-------- RECORDS TO USE

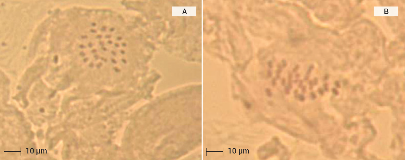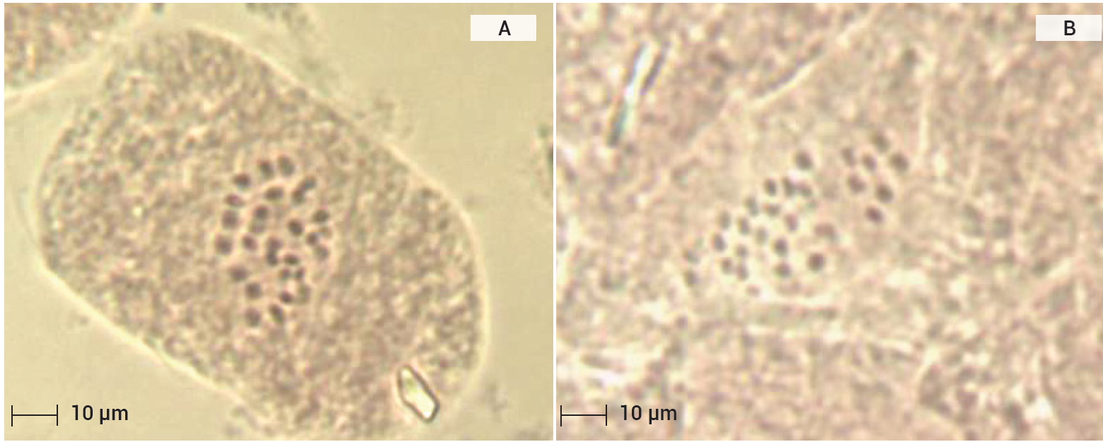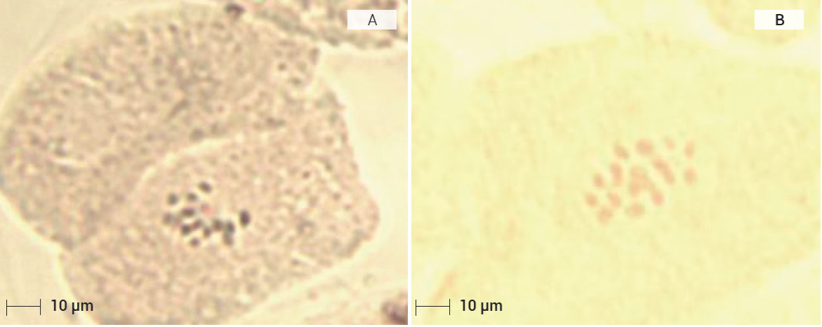 Figura 6 Observaciones citológicas en zarzamora (Rubus spp.) variedad Ébano propagada en forma asexual (A y B). Conteo de cromosomas 4x = 28. Escala 10 µm.
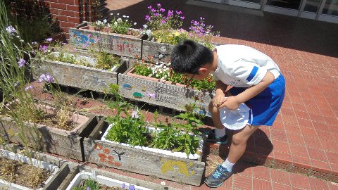 朝休み、毎日のように1年生の麻生さんが玄関プランターの草むしりをしてくれます。楽しそうにしてくれます。ありがとう。それにつられて友だちも草むしりをしてくれます。おかげでプランターがきれいです。
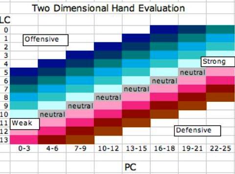 Mientras que la CP mide tanto la fortaleza defensiva como la fortaleza ofensiva, la LC mide la fuerza sobre todo en ataque. Así que si los adversarios obtienen el contrato o su lado tiene un misfit, usar la LC para evaluar la mano no es correcto. Usando la línea de base de la imagen de abajo, como uno en LC vale 3 en CP, podemos comparar el par real (CP, LC) para una mano y determinar si la mano es principalmente ofensiva o defensiva. La tabla que sigue es instructiva para evaluar el par (CP, LC) de una mano en particular:
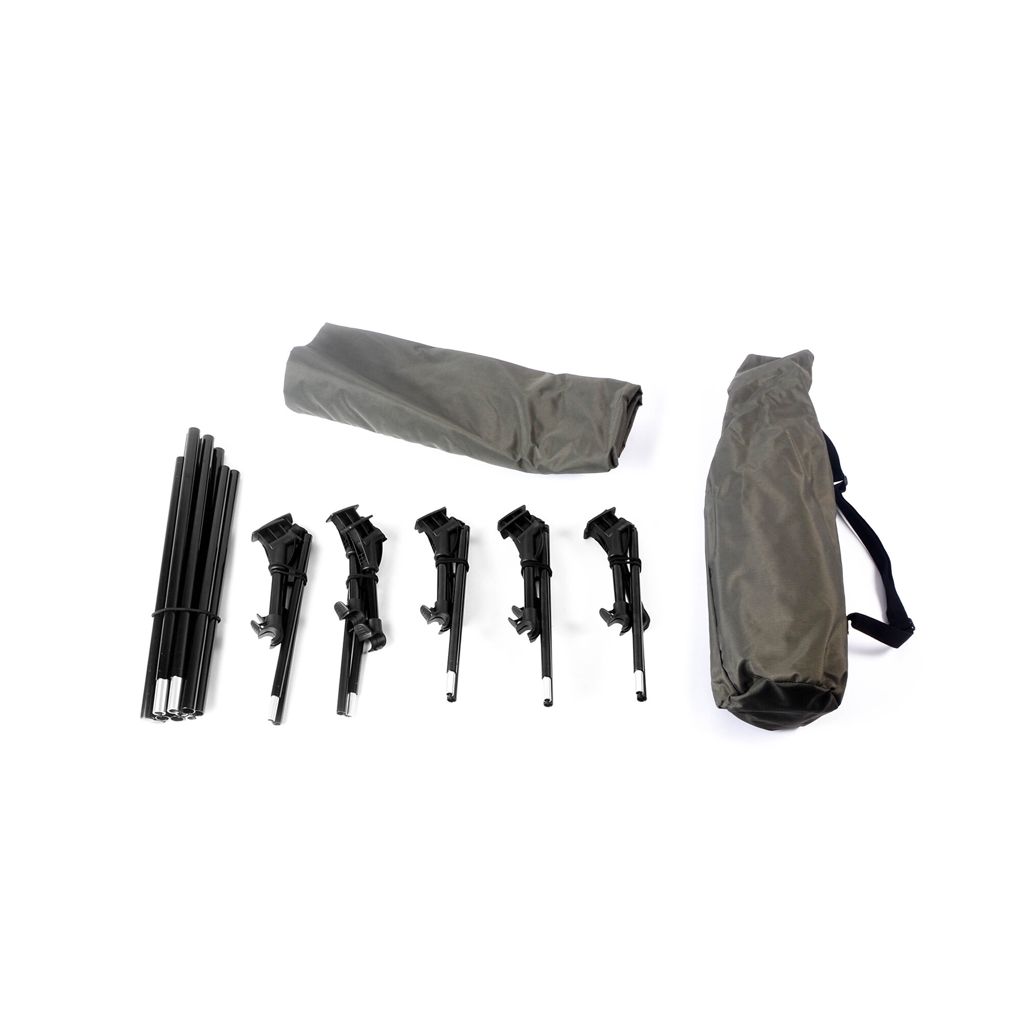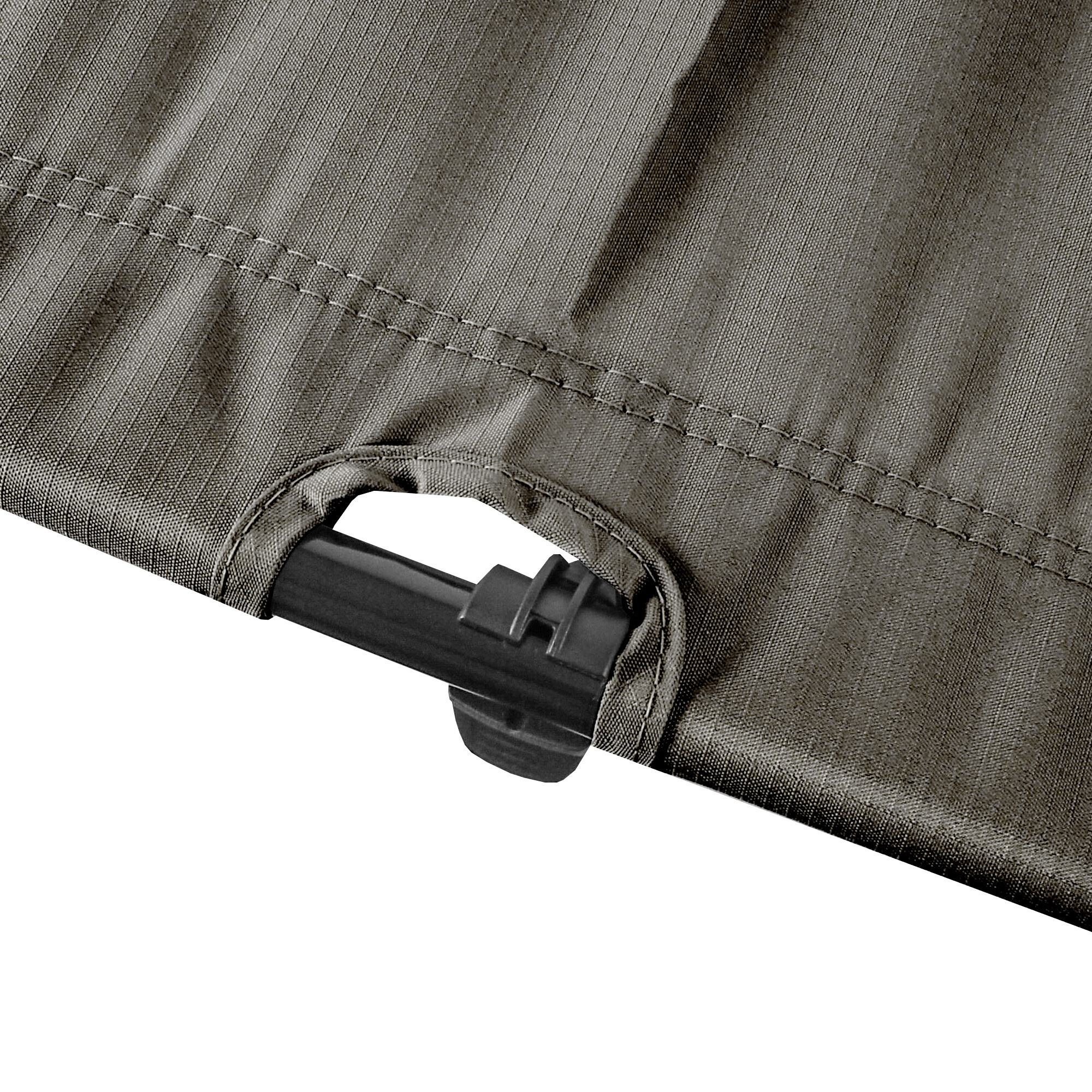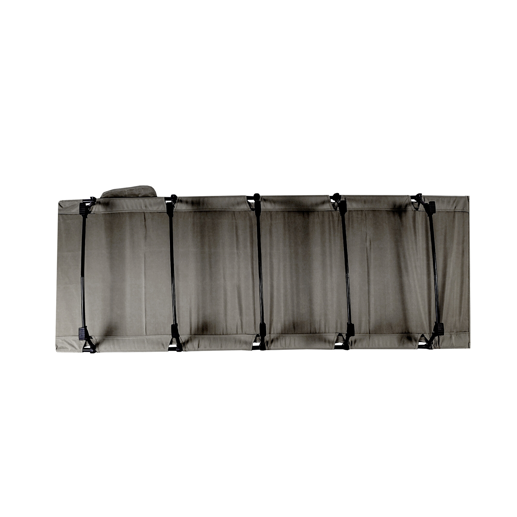 Potah lehátka je vyroben z kvalitního polyesteru a oxfordu, což zajišťuje pohodlí a odolnost proti opotřebení. Tento materiál je snadno udržovatelný a odolný vůči vlhkosti, což je ideální pro použití v přírodě.
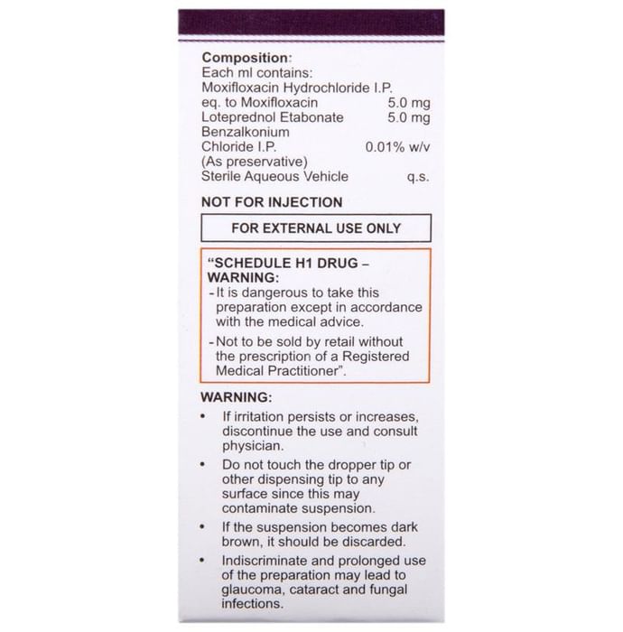 Composition : Loteprednol etabonate (0.5% w/v) + Moxifloxacin (0.5% w/v)
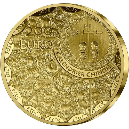 | Obverse lettering | RF 200 EURO CALENDRIER CHINOIS 2018 2019 2020 2021 2022 2023 2024 2025 2026 2027 2028 2029 |
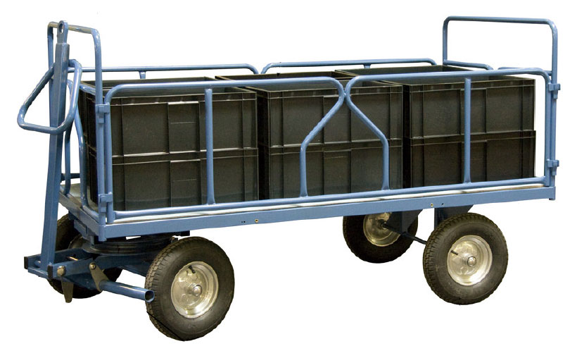 Remorque de construction robuste en profilé d'acier de forte section. La couronne à bille de Ø 400 mm garantie une excellente stabilité avec un rayon de braquage de 2 x 45°.
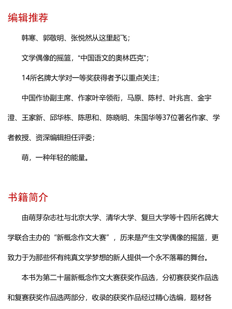 萌20 “ONE·一个杯”第20届全国新概念作文大赛获奖作品选 萌芽杂志社授权
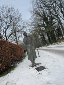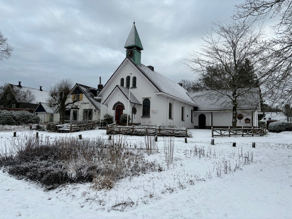 Voor de Hervormde Kapel (zal inmiddels wel ‘Protestantse Kapel‘ zijn) is vanmorgen een auto weggereden, die zijn sporen heeft nagelaten. De Kapel is in trek bij trouwlustige lieden. Restaurants in het dorp kunnen zorgen voor een natje en een droogje, voor de dienst en na de dienst. Oude ooms en tantes kunnen na afloop een balletje slaan op de plaatselijke golfbaan. Nu is er ruimte voor sneeuwballen.
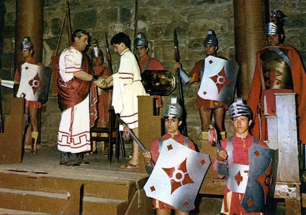 Pontius Pilate Scene. Depicts the moment when the Roman prefect Pontius Pilate, guarded by a large group of manages, washes his hands. Holy Thursday night, Verges 1970.
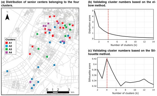 Results of K-Means clustering analysis of the characteristics of the spatial access of 44 senior centers, including the validation of cluster numbers based on the elbow method (b) and the Silhouette method (c), as well as the distribution of senior centers belonging to the four clusters (a).
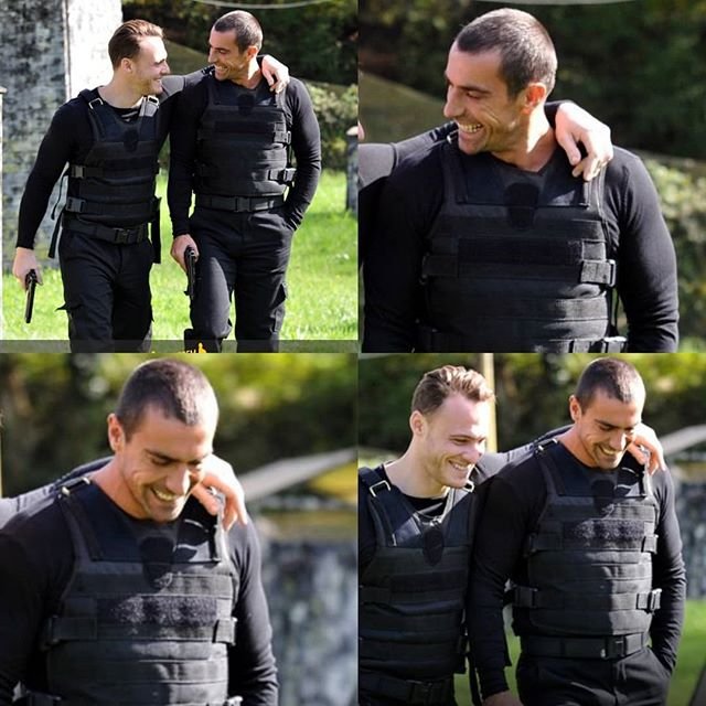С удоволствие ви прочетох, посмях се. Сега ще ви сложа тройна доза мъжки чар. Много хубави и тримата, а пък усмивките им заразяват с настроение. И още веднъж да похваля Ибрахим. Отново е намерил начин да направи героя си различен. Сега е сложил това идиотско изражение на невинно дете, с което се прави на ударен, когато така му изнася. Или с думите на Поли: "Има някаква детинска лудост в този мъжкарски образ, което му придава голям чар." Умирам от кеф с него.
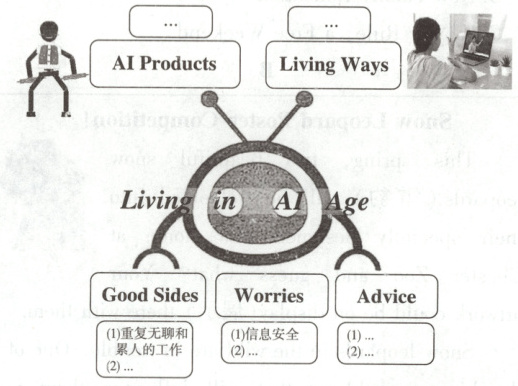 人工智能AI(Artificial Intelligence)技术的快速发展和DeepSeek的问世,给人们的学习和生活方式带来了巨大的变化。你校英文网站Teenager Says专栏正在就Living in AI Age这一话题进行讨论。请你根据以下图示写一篇短文发帖参与讨论。

----------------

▸ WHAT YOU NEED TO DO: Copy back exactly the lines above from the one containing "朝休み、毎日のように1年生の" through the one containing "Mientras que la", and leave every picture behind.

▸ ANSWER FOR THIS EXERCISE:
 朝休み、毎日のように1年生の麻生さんが玄関プランターの草むしりをしてくれます。楽しそうにしてくれます。ありがとう。それにつられて友だちも草むしりをしてくれます。おかげでプランターがきれいです。
 Mientras que la CP mide tanto la fortaleza defensiva como la fortaleza ofensiva, la LC mide la fuerza sobre todo en ataque. Así que si los adversarios obtienen el contrato o su lado tiene un misfit, usar la LC para evaluar la mano no es correcto. Usando la línea de base de la imagen de abajo, como uno en LC vale 3 en CP, podemos comparar el par real (CP, LC) para una mano y determinar si la mano es principalmente ofensiva o defensiva. La tabla que sigue es instructiva para evaluar el par (CP, LC) de una mano en particular:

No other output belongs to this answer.